A total of 219 and 201 proteins with a signal peptide for secretion were identified in the culture media of MA234.1 and the ΔagsE strain, of which 165 were shared between the two strains. Of the total number of proteins with a signal sequence for secretion, 5 have never been reported to be part of the secretome before (Supplemental Table 13). Part of the proteins that were found in the secretomes of both MA234.1 and ΔagsE were differentially expressed when compared to the other strain. The 26 proteins that were down-regulated in ΔagsE when compared to the reference strain included GH16 glucanases / galactanases, GH12 β-glucanases, a GH17 β-glucan endohydrolases and a GH15 α-glucosidase (Fig. 5). On the other hand, the 66 proteins that were up-regulated in ΔagsE included GH43 hemicellulases, GH31 α-glucosidases / α-xylosidases / isomaltosyltransferases / glucoamylases, GH18 chitinases / endo-β-N-acetylglucosaminidases / carbohydrate binding modules / xylanase inhibitors and GH92 α-mannosidases. The 54 unique proteins with a predicted signal peptide in the culture medium of MA234.1 included GH28 polygalacturonases, GH5 cellulases, GH7 cellulases/β-1,4-glucanases and 2 pectinesterases. On the other hand, the 36 unique proteins with a predicted signal peptide of strain ΔagsE included carboxylesterases, GH76 α-mannanases, GH1 β-glucosidase, GH61 lytic polysaccharide monooxygenases and GH71 α-1,3-glucanase. Notably, strain ΔagsE did not release a unique GH5 cellulase when compared to MA234.1, implying we would not expect a synergistic cellulase activity as we found by mixing the culture media. The reason for this is not yet clear. Nevertheless, our data strongly suggest that the wild-type and the ΔagsE strains have complementary activity on plant substrates.

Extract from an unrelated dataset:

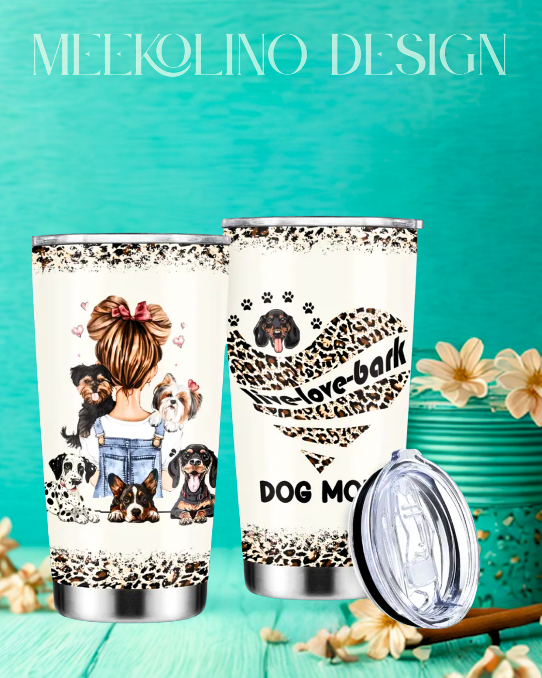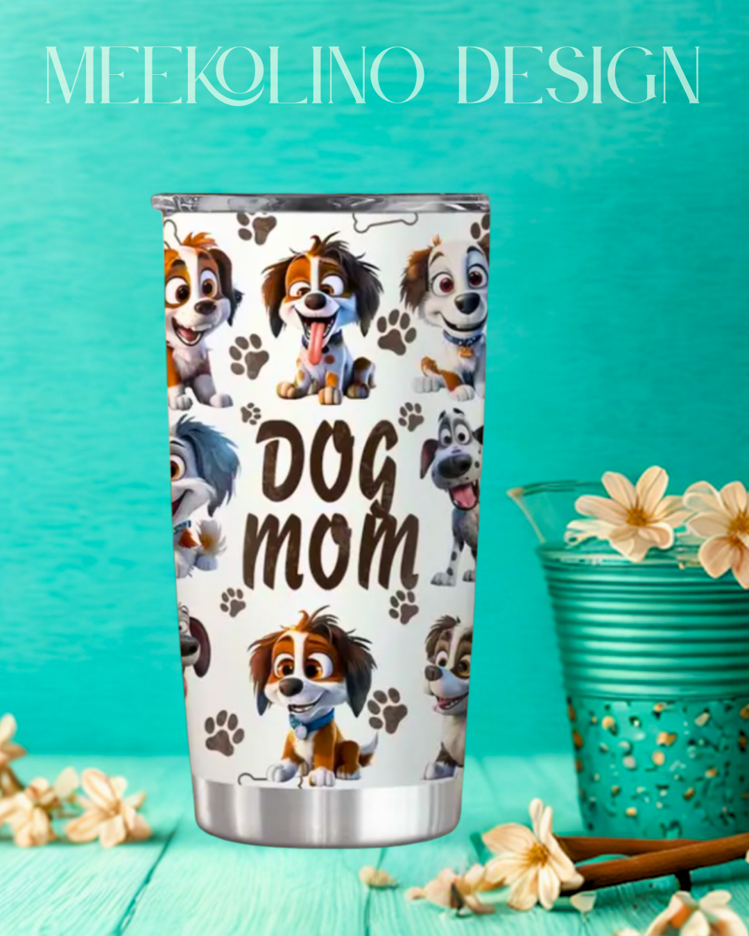20oz Edelstahl Isolierbecher, Auslaufsicherer Reisebecher für heiße (6 Std.) & kalte (12 Std.) Getränke, Doppelwandig mit niedlichem Hundemama-Druck, BPA-frei, besser ist nur Handwäsche.

It has been reported that small micro-colonies release more protein than large micro-colonies (Tegelaar et al. 2020; Lyu et al. 2023). This may be explained by the fact that expression of genes of secreted proteins mainly occurs in a peripheral shell of the pellet and that, therefore, pellets with a radius ≤ of the width of the expression shell would be more productive in terms of protein secretion (Tegelaar et al. 2020). However, the results of this study do not support the finding that smaller micro-colonies secrete more protein in the culture medium. The increased amounts of protein as observed on SDS PAGE is mainly explained by release of proteins without a signal sequence. We propose that inactivation of agsE stimulates protein secretion due to formation of smaller micro-colonies formation but at the same time inhibits protein secretion due to for instance changes in cell wall composition, pH of the culture medium, cell lysis, or changes in activity of signalling pathways.